Digital Music-Making: Cross-Cultural Collaboration

Teaching sustainability helps our kids understand the world’s economic, social and environmental issues. Through this lens, my students and others like them around the globe are using music to promote a sustainable development agenda to end hunger and poverty, reduce inequality, manage climate change and foster peace. Sound like a tall order? We’re tackling this life-changing agenda one song at a time.

I’m a technology teacher for grades 6 to 12 at Caledonia Regional High School in New Brunswick, and Lead of Innovative Design. Believing that we truly have the ability to save humanity, I recently became a TeachSDGs ambassador for the United Nations’ 2030 Sustainable Development Goals agenda (https://www.un.org/sustainabledevelopment/sustainable-development-goals/).

The movement, which was adopted by world leaders in 2015, lists seventeen efforts to be put into action by 2030. The list includes such sweeping goals as wiping out poverty and hunger, gender equality, quality education for all, climate action and affordable and clean energy.

After becoming a TeachSDGs ambassador, I started exploring ways to raise awareness of these important goals, including moving the message beyond my classroom. For me, there’s nothing more inspiring than music, and I knew it would be the foundation of this project. I’ve been a big fan of the cloud-based audio recording studio, Soundtrap (https://www. soundtrap.com/) since it was introduced to me at an educator’s conference in 2016. As a teacher with a mission to bring music collaboratively to the world, I knew what to do.

And so I returned to the roots of my first Soundtrap project, a collaborative music album that was part of a larger curriculum to introduce the kids to different forms of media making. The students loved using Soundtrap. It’s collaborative, easy to use, works across all platforms and devices, and every single one of my students made a track for the album. Soon, we were using Soundtrap in all nine of my classes.

We call this newest music album Project SUSTAIN, or Students Using Soundtrap to Accomplish International Necessity. It parallels the UN’s goals perfectly, which they refer to as “The World’s Largest Lesson.”

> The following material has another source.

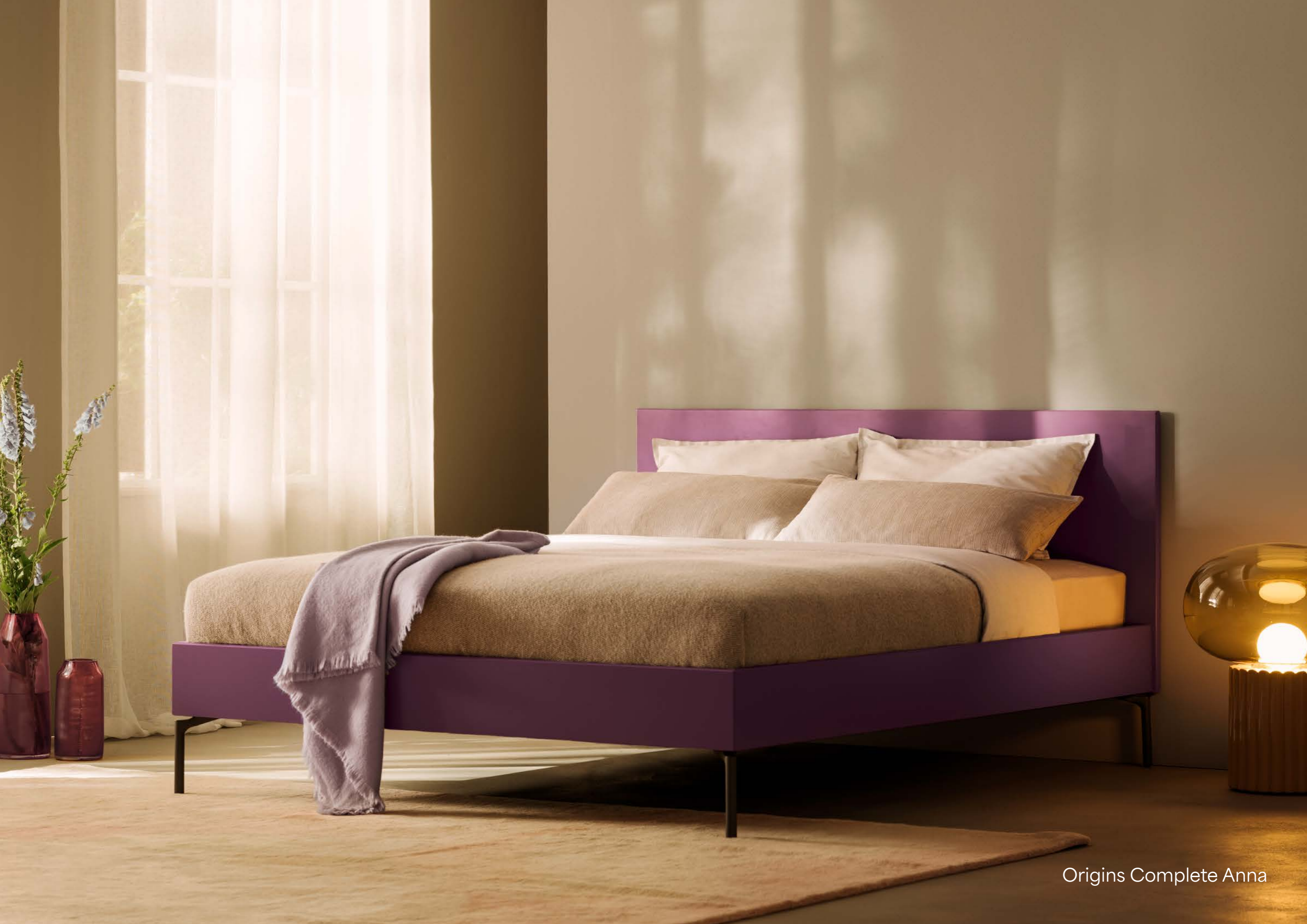
Origins Complete Anna

To ensure that we had serious interest in our own backyard, I sent out a call to action to our students. I set up a virtual wall with the seventeen tracks, and right away, two 11th graders, a male and female, committed to the cause. They grabbed track five, which was the one on gender equality. They are creating a “call and response” type of song for that particular track. The male student performed the intro for the album with a very passionate speech. He also signed on for Goal 1, which is “No Poverty.”

Next, I used Twitter to get the word out using the #TeachSDGs hashtag. A whole list of international teachers, from kindergarten through post-secondary, signed on, including schools from Nigeria, Canada, New Zealand, Thailand, Germany, Vietnam and Romania. I used a Google form to find takers for the tracks.

It’s exciting to watch this project attract so much interest from schools around the world. Some of us don’t speak the same language, but the spirit of the cause and the universal emotion of music gives us common ground from which to deliver such an important international message. It would be fantastic to make the album on Soundtrap for release through Spotify. Ideally, we’d like to release the album next year. But we’ll take the time we need because we want to do it right.

Here at Caledonia, our platform is Microsoft. The teachers like Soundtrap because it’s just as compatible on the school’s Microsoft Surface Studio desktops as it is on their Macs and the students’ personal devices. Some of our teachers use Soundtrap to advance their core curriculum, and the students who started on it in 2016 still rely on it to create class assignments.

What’s interesting is that while I set out to teach my students about making an impact internationally, I’m also learning about myself. Prior to these global interactions, I wasn’t terribly savvy from a cross-cultural perspective. But it’s been a great experience communicating my vision for the project with teachers around the world and learning how different teachers approach the project.

One teacher held a class contest using Soundtrap, and the winning song was submitted to fill their selected track. Other teachers involve their entire class in the single track. I’m not listening to any of the submitted songs because I don’t want them to influence what we at Caledonia Regional are doing.

We’ve also discovered some telling distinctions across cultures, in that most countries gravitated to topics that were relevant to them. For example, we’re in a poor, rural community and many of our students were drawn to “No Poverty.” Canada wanted “Gender Equality.” Romania chose “Peace and Justice and Strong Institutions.” In many cases, two schools are recording songs for the same track, which means we might have as many 34 tracks. Bring ‘em on!

Whatever a teacher’s curriculum, it can adjust to accommodate this critical issue. The UN’s Sustainable Development Goals offer an amazing opportunity to teach our kids that there’s a bigger world out there—and that they can change it. Without these goals, we’re in trouble as a species. If our music makes people talk, we’re already part of the solution.


Benjamin Kelly
Benjamin Kelly is New Brunswick’s Inspirational STEM teacher of the year for 2017. He is an Apple Distinguished Educator Board Member, a Microsoft Innovative Educator Expert, Global Minecraft Mentor and published educational researcher. He currently teaches grade 6 to 12 technology near Moncton, New Brunswick.


This article is from Canadian Teacher Magazine’s Fall 2018 issue.